[Start of Attachment]
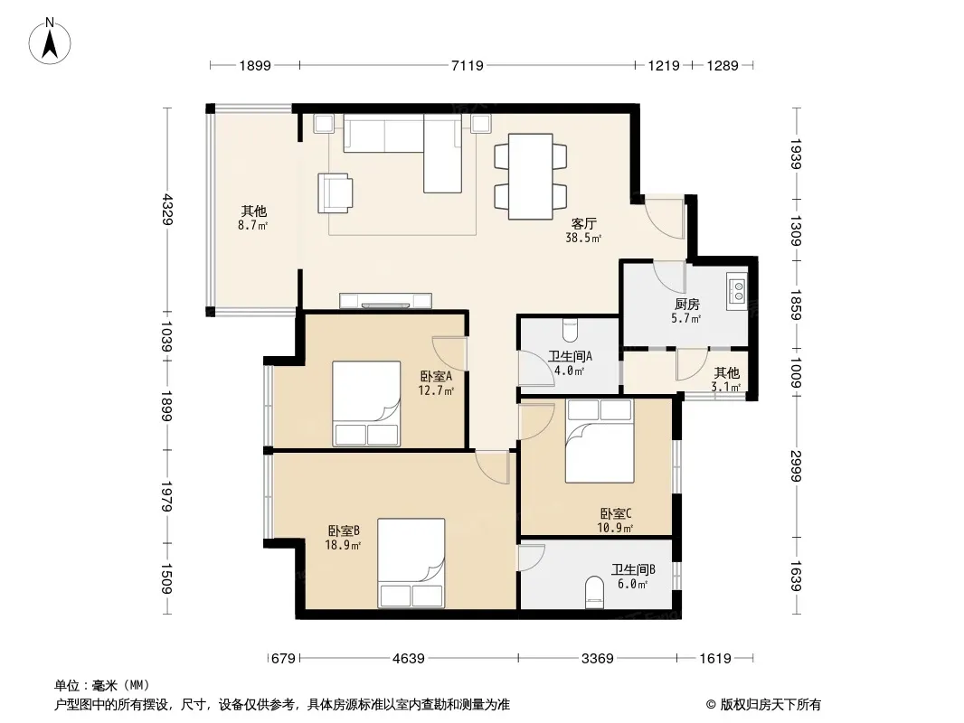 户型齐全,主打户型方正,明厨,独立衣帽间,主卧朝南三居
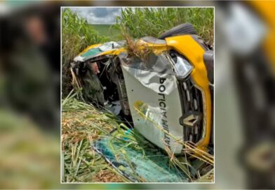 Viatura da PM de Cianorte capota na PR-444 após cone cair na pista
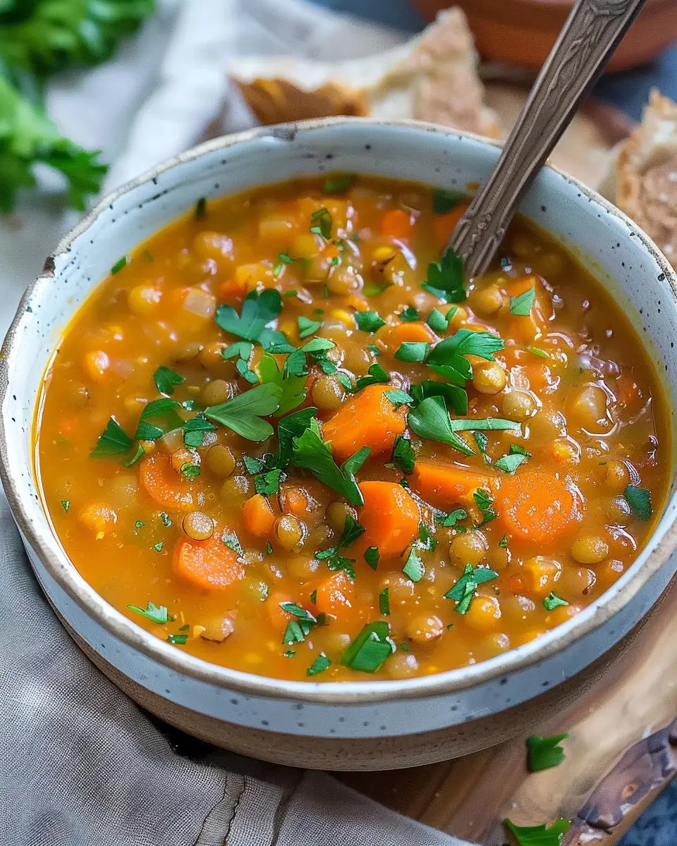 A warm and hearty soup made with carrots and lentils, perfect for chilly evenings.
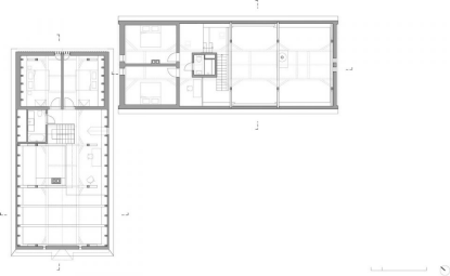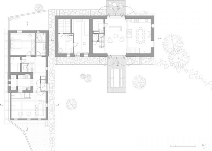 马厩为辅助用房,其中设有避暑客厅和客房,建筑师对其进行了较多介入,空间的整体氛围更为明亮开放。原本的石墙被混凝土墙面取代,其后藏有楼梯间和桑拿房。上方的室内墙面全部被涂成白色,以突显原本的木制屋架。主要的起居空间通过玻璃折叠门与室外露台相连,人们还可以通过一面巨大的固定窗欣赏草原上古老的树木。空间的核心是一个开放壁炉,由附近山中采到的巨大石块制成
[End of Attachment]
§ **AIM OF THE TASK**
Please provide a faithful transcription of all the data, pictures excluded.

§ **EXPECTED ANSWER**
 户型齐全,主打户型方正,明厨,独立衣帽间,主卧朝南三居
 Viatura da PM de Cianorte capota na PR-444 após cone cair na pista
 A warm and hearty soup made with carrots and lentils, perfect for chilly evenings.
 马厩为辅助用房,其中设有避暑客厅和客房,建筑师对其进行了较多介入,空间的整体氛围更为明亮开放。原本的石墙被混凝土墙面取代,其后藏有楼梯间和桑拿房。上方的室内墙面全部被涂成白色,以突显原本的木制屋架。主要的起居空间通过玻璃折叠门与室外露台相连,人们还可以通过一面巨大的固定窗欣赏草原上古老的树木。空间的核心是一个开放壁炉,由附近山中采到的巨大石块制成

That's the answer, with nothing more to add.